Set down exactly the lines below, starting at the one that contains "Figur 2: Plantegning" and ending at the one that contains "Barcos de pesca", with both of those lines included and nothing else.

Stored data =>

Segment Open

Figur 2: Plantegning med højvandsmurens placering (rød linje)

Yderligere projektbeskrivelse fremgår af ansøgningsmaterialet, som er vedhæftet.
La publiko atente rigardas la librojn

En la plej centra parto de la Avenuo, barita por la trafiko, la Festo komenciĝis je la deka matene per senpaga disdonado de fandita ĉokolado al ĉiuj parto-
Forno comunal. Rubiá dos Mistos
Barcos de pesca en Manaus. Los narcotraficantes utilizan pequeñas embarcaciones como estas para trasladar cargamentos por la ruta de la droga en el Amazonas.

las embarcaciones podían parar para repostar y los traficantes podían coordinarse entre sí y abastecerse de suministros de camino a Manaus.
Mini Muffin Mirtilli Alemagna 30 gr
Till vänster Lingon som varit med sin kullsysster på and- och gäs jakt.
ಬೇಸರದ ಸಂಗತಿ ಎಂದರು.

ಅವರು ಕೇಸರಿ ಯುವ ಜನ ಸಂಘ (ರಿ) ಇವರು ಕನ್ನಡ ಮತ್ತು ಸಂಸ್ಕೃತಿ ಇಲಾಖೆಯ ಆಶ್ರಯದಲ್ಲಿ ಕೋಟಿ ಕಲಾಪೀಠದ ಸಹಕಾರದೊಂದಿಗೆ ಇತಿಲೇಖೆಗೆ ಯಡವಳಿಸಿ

Segment Closed
Segment Open

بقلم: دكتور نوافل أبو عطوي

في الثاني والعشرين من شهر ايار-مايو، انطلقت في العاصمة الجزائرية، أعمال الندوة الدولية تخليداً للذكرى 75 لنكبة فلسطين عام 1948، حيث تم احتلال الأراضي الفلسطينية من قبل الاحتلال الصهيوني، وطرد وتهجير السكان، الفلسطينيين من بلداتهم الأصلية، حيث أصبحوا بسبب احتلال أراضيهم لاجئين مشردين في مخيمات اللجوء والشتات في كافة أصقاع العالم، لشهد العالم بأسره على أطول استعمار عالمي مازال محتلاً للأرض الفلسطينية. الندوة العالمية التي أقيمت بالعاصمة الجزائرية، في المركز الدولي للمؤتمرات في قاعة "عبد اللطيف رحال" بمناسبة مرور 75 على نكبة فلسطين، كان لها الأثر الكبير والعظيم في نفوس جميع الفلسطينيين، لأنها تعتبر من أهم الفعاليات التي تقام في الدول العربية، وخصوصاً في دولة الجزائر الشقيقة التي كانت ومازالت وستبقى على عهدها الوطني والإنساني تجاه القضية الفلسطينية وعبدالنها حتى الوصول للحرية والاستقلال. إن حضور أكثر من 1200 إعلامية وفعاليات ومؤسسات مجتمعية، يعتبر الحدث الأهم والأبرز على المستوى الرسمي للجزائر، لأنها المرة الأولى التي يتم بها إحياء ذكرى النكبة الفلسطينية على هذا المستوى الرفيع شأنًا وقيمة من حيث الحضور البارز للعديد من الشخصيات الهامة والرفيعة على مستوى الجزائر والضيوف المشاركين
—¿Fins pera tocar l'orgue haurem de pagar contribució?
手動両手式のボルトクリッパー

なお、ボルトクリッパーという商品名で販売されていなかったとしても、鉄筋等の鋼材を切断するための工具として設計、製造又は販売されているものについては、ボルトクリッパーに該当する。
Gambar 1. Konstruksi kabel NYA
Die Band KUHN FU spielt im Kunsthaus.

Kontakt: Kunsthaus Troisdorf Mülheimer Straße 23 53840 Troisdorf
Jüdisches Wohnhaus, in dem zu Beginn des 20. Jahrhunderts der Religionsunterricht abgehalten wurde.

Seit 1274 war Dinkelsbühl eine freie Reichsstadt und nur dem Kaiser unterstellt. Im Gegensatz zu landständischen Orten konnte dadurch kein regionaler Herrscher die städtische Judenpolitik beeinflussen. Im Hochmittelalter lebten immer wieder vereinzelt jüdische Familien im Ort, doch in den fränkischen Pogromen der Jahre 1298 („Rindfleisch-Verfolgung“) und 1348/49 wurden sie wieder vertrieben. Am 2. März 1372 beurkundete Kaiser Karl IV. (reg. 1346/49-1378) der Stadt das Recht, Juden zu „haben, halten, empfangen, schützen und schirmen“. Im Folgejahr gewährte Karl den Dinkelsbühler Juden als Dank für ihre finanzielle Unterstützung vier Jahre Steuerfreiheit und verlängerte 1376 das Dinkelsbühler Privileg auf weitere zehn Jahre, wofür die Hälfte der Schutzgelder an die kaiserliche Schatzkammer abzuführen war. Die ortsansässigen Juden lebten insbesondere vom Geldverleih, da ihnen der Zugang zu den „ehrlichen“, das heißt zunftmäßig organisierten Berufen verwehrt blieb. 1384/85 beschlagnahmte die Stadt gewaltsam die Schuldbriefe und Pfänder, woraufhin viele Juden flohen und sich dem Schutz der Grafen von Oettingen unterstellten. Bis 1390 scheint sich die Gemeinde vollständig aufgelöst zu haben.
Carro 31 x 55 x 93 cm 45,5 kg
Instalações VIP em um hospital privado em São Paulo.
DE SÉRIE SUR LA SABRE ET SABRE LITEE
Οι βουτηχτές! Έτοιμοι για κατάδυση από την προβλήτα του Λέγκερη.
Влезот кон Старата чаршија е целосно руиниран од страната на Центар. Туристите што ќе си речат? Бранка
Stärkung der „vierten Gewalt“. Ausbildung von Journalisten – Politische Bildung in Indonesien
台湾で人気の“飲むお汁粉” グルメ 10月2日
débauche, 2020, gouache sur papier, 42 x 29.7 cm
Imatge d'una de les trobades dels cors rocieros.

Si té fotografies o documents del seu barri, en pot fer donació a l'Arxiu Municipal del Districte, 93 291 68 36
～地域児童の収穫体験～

Segment Closed

Response =>
Figur 2: Plantegning med højvandsmurens placering (rød linje)

Yderligere projektbeskrivelse fremgår af ansøgningsmaterialet, som er vedhæftet.
La publiko atente rigardas la librojn

En la plej centra parto de la Avenuo, barita por la trafiko, la Festo komenciĝis je la deka matene per senpaga disdonado de fandita ĉokolado al ĉiuj parto-
Forno comunal. Rubiá dos Mistos
Barcos de pesca en Manaus. Los narcotraficantes utilizan pequeñas embarcaciones como estas para trasladar cargamentos por la ruta de la droga en el Amazonas.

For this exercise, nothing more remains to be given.